Although I don't demonstrate this in detail, I think we can see intuitively from this example that we can encode the information in a data item with fewer bits if the probability of occurrence of the item's value is larger. (In the example, we can encode the value of items whose value is "0", the probability of which occurring is 0.925, with one bit, whereas to encode the values of items whose value is 1, 2, or 3, the value of any specific one of which occurring is 0.0.35, 0.025, and 0.015, we must use three bits.)

Now, we can intuitively grasp that this means there must be less information in the "high probability" value (that's "dog biting man" - not much news there) than in the lower-probability values. If we can encode an item with value "0" with 1 bit, there must be no more than 1 bit of information in that item. (In fact, the information in that item is 0.112 bit!)

But of course in the encoding, we are stuck with integral numbers of bits in our "symbols" - we cannot use 0.112 bits to encode the value "0".

Further, there is some overhead. In order to allow the receiver to figure out how long each symbol is, there are symbols we cannot use. (For example, we cannot use 001, since the receiver would see the "0" and think that it was all of a one-bit symbol.)

By the way, the actual total information content in the example report is only 120.25 bits.

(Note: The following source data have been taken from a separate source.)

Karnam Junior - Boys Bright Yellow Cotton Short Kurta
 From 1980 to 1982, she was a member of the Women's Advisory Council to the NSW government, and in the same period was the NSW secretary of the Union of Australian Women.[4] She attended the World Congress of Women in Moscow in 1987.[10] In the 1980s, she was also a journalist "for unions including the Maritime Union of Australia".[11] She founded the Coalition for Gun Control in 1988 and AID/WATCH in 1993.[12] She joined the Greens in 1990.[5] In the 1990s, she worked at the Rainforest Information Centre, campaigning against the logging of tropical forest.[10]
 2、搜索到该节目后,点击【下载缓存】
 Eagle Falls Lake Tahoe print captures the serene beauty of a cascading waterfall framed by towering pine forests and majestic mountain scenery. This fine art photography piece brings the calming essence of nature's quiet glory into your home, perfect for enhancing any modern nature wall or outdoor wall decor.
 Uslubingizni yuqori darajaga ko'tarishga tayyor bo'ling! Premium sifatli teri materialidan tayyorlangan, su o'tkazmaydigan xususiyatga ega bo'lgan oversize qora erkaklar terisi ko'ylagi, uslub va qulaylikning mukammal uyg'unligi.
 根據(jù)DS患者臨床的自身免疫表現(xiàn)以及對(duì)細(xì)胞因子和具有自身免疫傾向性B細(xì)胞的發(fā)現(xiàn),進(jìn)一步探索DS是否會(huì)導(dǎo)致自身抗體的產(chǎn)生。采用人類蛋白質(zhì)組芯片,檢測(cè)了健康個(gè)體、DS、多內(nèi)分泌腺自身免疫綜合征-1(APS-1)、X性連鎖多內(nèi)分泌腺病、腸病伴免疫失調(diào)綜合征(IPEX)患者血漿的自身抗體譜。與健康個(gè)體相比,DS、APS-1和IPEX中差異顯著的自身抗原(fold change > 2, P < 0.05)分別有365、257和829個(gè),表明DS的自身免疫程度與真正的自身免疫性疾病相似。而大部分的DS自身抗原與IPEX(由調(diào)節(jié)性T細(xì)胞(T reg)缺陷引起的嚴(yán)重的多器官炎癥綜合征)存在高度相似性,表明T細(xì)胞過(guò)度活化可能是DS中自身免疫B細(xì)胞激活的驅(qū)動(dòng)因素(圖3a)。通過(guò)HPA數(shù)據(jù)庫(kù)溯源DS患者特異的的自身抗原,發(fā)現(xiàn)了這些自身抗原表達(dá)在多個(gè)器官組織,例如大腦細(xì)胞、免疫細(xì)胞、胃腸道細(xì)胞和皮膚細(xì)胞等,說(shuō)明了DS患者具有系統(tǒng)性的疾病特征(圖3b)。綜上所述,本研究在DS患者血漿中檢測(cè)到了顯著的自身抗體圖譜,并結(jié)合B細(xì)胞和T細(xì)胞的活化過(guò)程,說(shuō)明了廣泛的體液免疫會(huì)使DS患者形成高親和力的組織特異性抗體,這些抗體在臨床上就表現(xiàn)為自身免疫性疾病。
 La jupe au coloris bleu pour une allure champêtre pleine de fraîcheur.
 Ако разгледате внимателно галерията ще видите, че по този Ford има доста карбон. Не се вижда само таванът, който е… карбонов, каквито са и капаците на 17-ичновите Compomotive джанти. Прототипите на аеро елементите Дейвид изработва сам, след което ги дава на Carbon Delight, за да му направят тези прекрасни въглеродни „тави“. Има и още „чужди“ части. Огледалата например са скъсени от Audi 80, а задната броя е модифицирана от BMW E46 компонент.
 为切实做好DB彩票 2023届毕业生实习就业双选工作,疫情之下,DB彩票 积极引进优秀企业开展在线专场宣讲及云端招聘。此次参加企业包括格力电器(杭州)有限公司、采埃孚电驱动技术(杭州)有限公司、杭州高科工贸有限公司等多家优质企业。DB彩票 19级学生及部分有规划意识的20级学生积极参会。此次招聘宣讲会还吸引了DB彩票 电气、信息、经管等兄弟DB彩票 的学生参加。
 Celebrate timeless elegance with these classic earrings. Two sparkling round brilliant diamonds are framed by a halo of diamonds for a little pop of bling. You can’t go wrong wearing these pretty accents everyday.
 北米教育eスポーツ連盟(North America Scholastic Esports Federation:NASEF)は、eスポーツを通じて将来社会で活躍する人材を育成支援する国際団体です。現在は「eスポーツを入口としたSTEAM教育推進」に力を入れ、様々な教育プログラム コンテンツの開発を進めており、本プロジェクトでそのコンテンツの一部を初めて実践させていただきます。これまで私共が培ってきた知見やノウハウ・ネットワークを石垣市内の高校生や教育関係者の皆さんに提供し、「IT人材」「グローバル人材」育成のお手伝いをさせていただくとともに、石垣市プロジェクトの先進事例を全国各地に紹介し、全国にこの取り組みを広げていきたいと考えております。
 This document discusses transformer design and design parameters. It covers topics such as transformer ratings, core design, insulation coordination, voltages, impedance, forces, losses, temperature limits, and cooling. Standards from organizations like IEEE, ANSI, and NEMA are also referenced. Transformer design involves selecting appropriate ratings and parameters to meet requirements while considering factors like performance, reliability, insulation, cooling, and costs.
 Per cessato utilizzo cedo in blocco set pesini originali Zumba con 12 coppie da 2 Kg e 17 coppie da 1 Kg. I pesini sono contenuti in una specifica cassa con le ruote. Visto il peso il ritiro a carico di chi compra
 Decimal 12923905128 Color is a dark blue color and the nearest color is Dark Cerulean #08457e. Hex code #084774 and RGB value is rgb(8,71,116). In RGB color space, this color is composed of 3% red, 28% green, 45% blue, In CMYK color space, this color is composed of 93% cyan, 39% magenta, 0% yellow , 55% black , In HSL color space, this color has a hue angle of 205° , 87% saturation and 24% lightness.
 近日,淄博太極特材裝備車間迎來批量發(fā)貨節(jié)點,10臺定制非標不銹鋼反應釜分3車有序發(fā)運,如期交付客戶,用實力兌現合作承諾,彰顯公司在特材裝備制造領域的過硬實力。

In fact, the formal name of this type of code is prefix code. That means that no symbol (sequence of bits) representing a value could be the prefix - that is the first part - of another symbol that is used. The name of course sounds backwards, but they didn't ask me.​

So the total number of bits used to encode a report will be greater than the amount of information, in bits, contained. But it is still less than the number of bits used in just a "classical" binary encoding.